В середине XVII века на основе переработанного Пахомием текста Жития (так называемой Пространной редакции) Симон Азарьин создал новую редакцию. Слуга княжны Мстиславской, Симон Азарьин пришел в Лавру, чтобы излечиться от болезни, и был исцелен Архимандритом Дионисием. После этого Симон остался в монастыре и шесть лет был келейником преподобного Дионисия. С 1630 по 1634 год Азарьин состоял Строителем в приписном к Лавре Алатырском монастыре. После возвращения с Алатыря, в 1634 году Симон Азарьин стал Казначеем, а спустя двенадцать лет Келарем монастыря. Кроме Жития Преподобного Сергия, Симон создал Житие преподобного Дионисия, закончив его в 1654 году.

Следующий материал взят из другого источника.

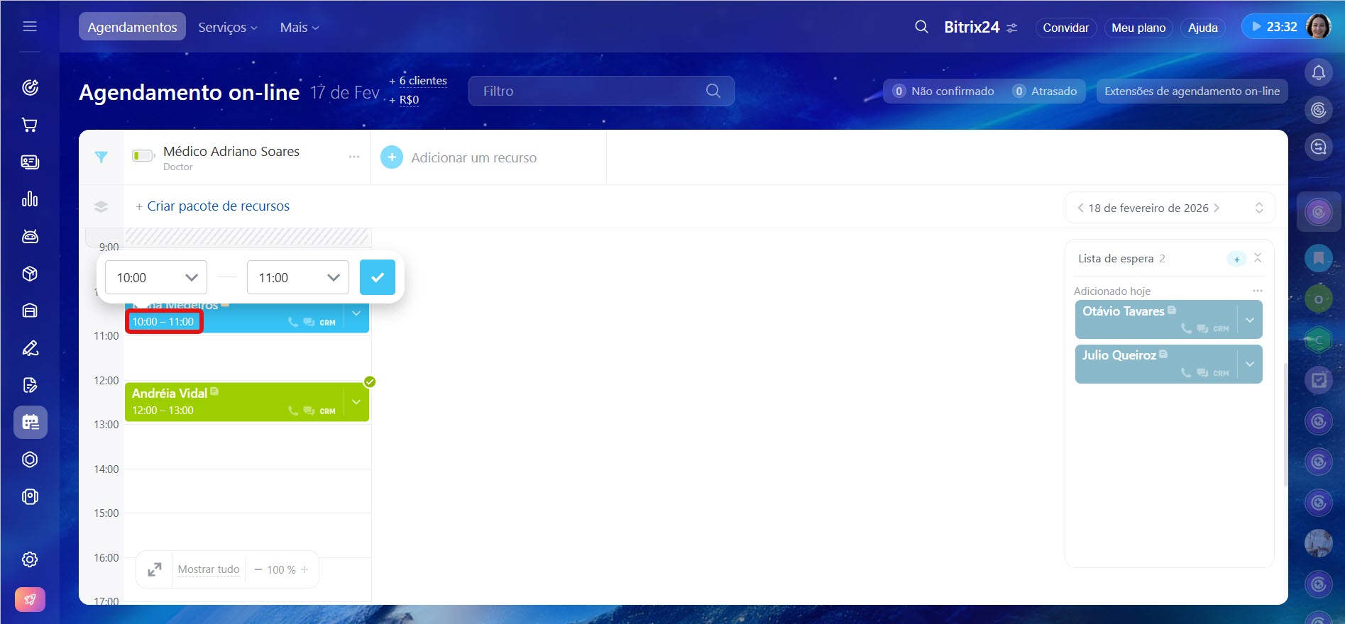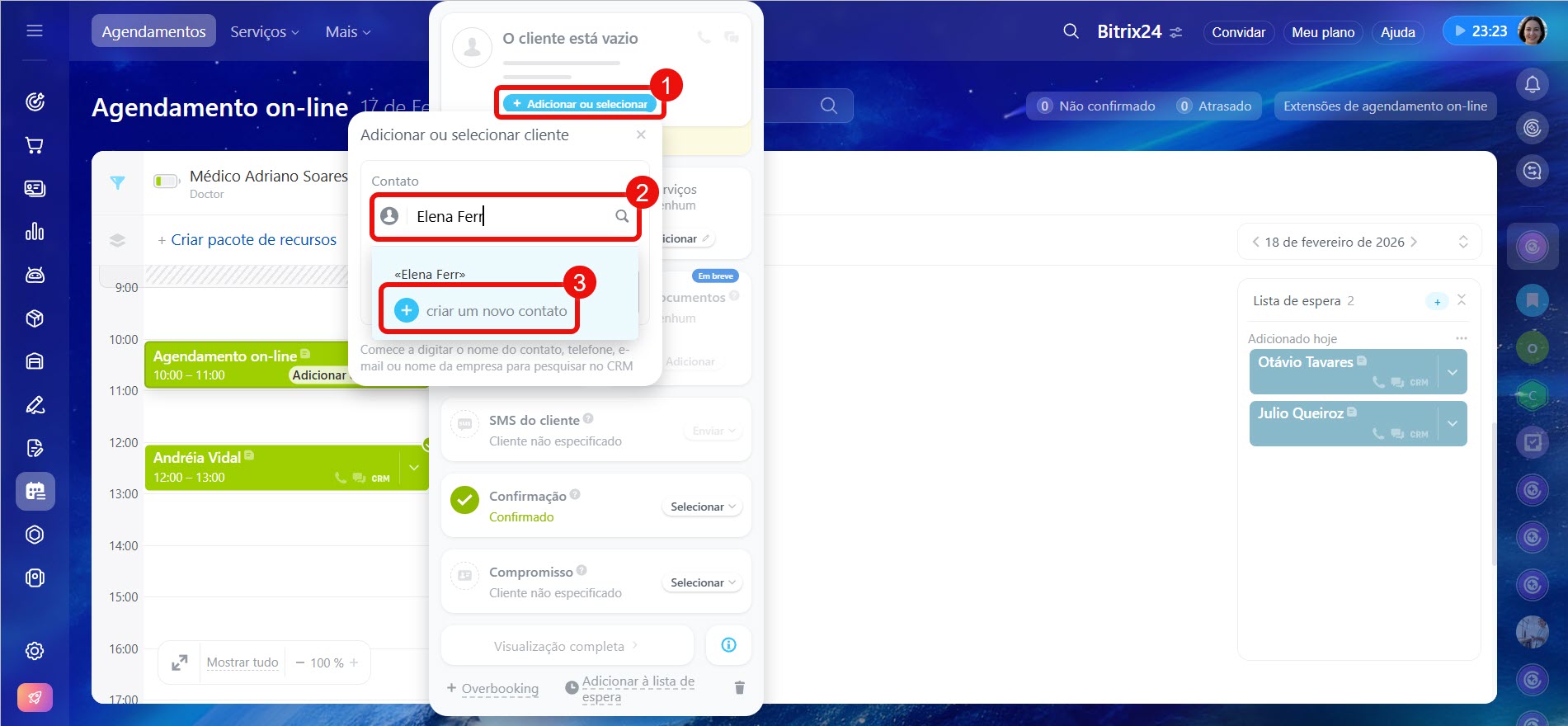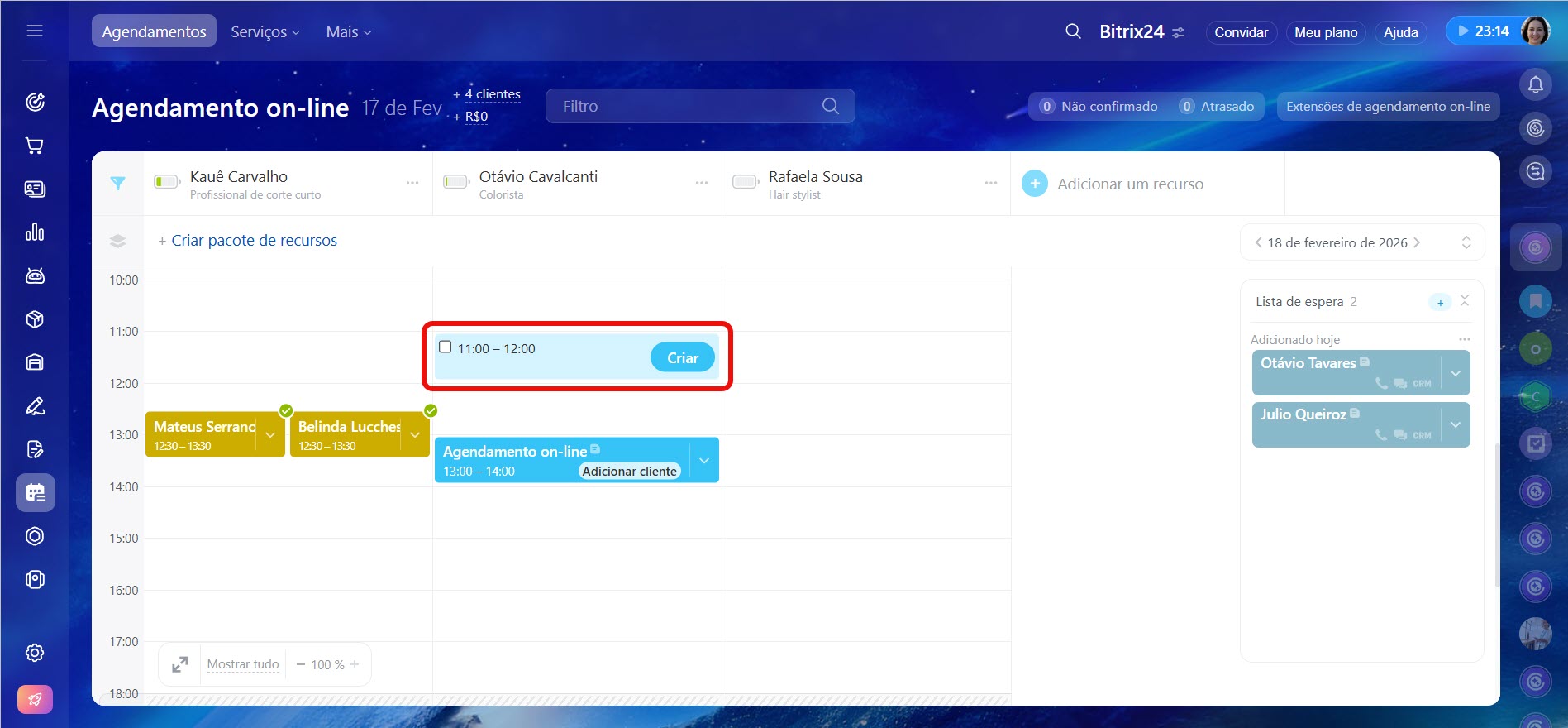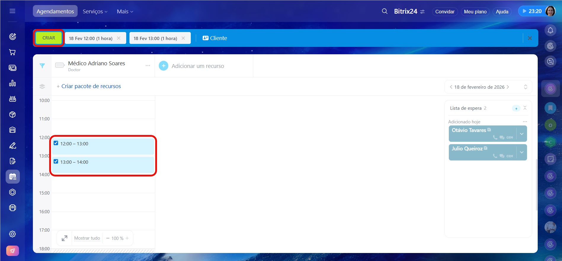 - Primeiro, crie pelo menos um recurso. Em seguida, selecione o horário desejado e clique em Criar. Você pode agendar vários compromissos para um mesmo cliente.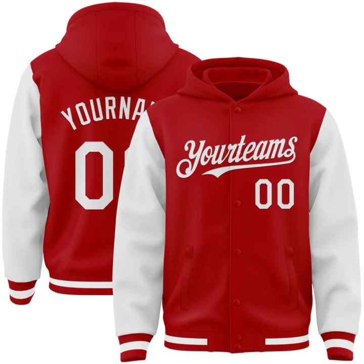 แจ็กเก็ตมีฮู้ดสองโทนสีขาวแดงแบบเต็มแผ่นงาน OEM ออกแบบได้ตามต้องการ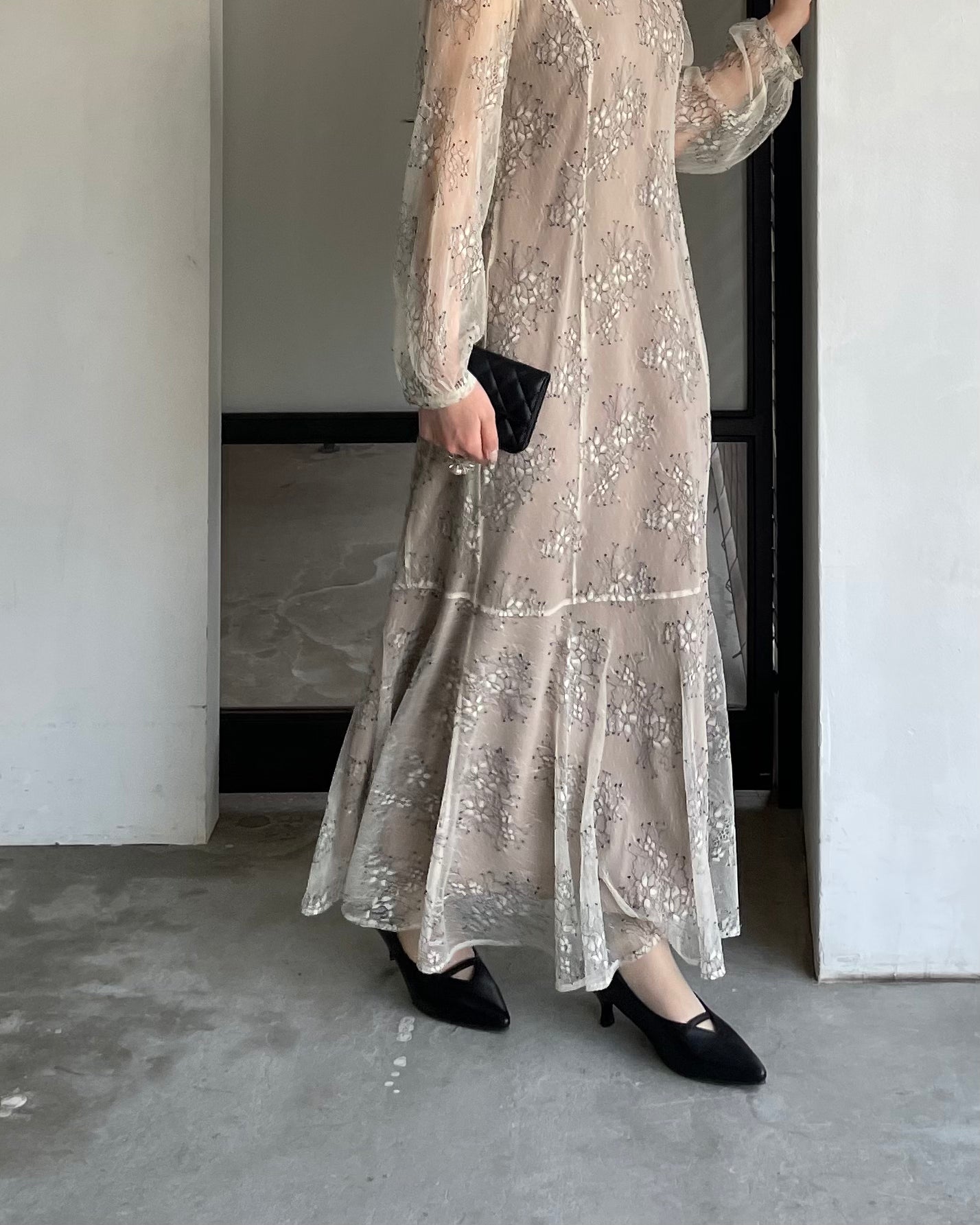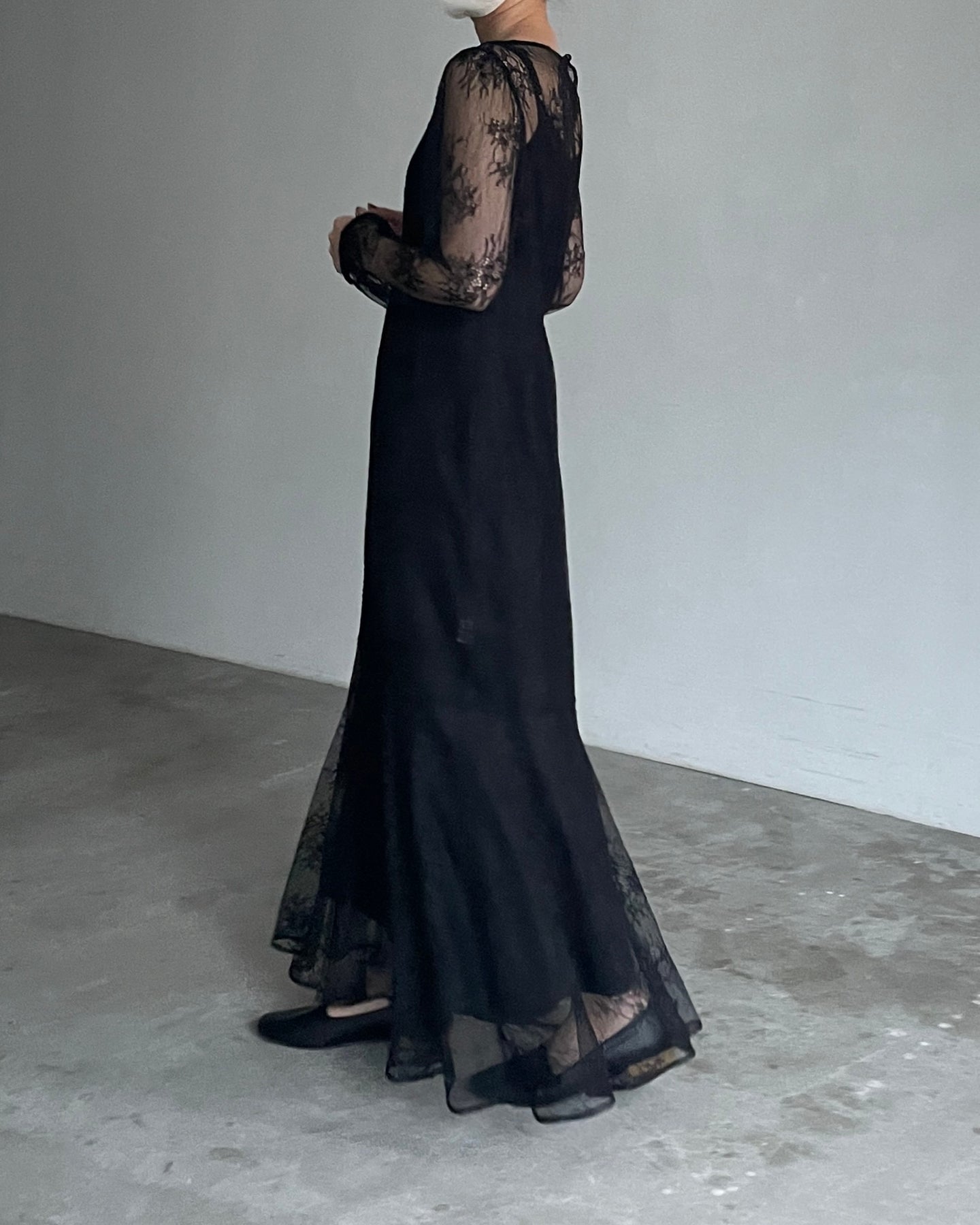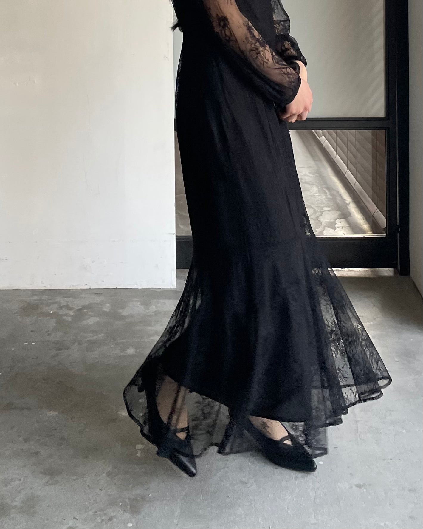 裾から覗く足もとが美しく見えるよう、インナーとレースの丈感にもこだわりました。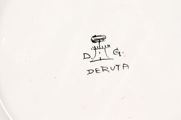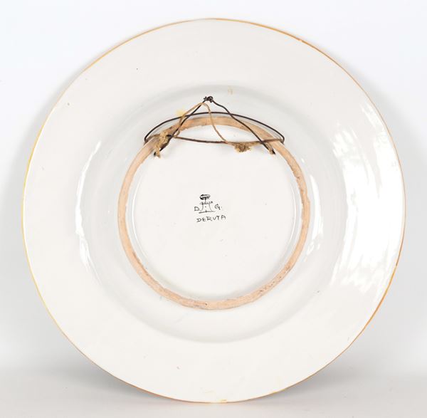 Piatto da parata in maiolica smaltata e policroma di Deruta con al centro "Santa Barbara"
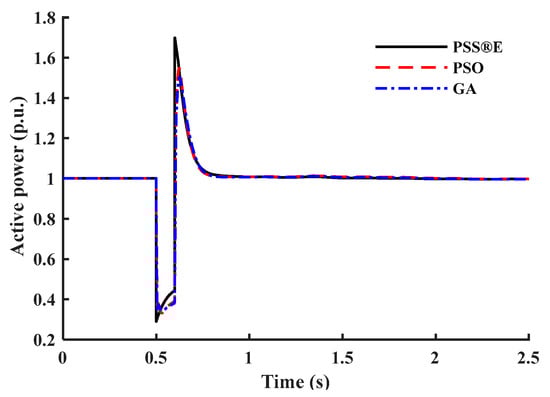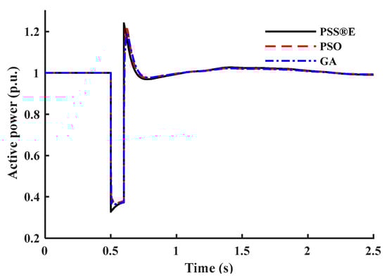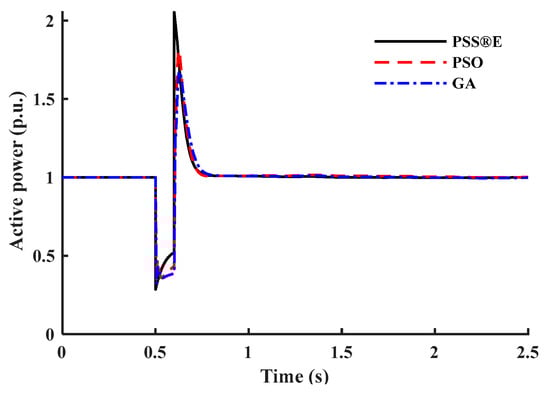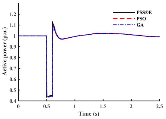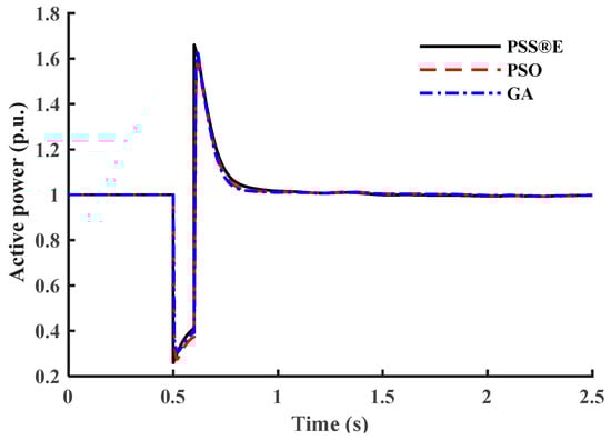 The estimated parameters of the large motor model are written in Table 2. Figure 4 and Figure 5 show the dynamic behavior of the large motor for the PSS®E model and the proposed model with tuned parameters using PSO and GA. Similarly, for small motors and the same supplied voltage shown in Figure 3, the estimated parameters of the small motor model are written in Table 3. Figure 6 and Figure 7 show the dynamic response of the small motor for both models.

Житие Сергия Радонежского в редакции Симона Азарьина вместе с Житием Игумена Никона, Похвальным словом Сергию и службами обоим святым было напечатано в Москве в 1646 году. Первые 53 главы Симоновой редакции (до рассказа об инокине Мариамии включительно) представляют собой текст Жития Епифания Премудрого в обработке Пахомия Логофета (Серба), который Симон разбил на главы и несколько переработал стилистически. Следующие 35 глав принадлежат собственно Симону Азарьину. Готовя Житие к изданию, Симон стремился собрать наиболее полный список сведений о чудесах Преподобного Сергия, известных со времени кончины святого до середины XVII века, но на Печатном дворе, как пишет сам Азарьин, мастера с недоверием отнеслись к его рассказу о новых чудесах и по своему произволу напечатали только 35 глав о чудесах, собранных Симоном, опустив остальные. В 1653 году по поручению Царя Алексея Михайловича Симон Азарьин доработал и дополнил Житие: он вернулся к неопубликованной части своей книги, добавил в нее ряд новых рассказов о чудесах Преподобного Сергия и снабдил эту вторую часть обширным предисловием, однако эти дополнения не были тогда изданы.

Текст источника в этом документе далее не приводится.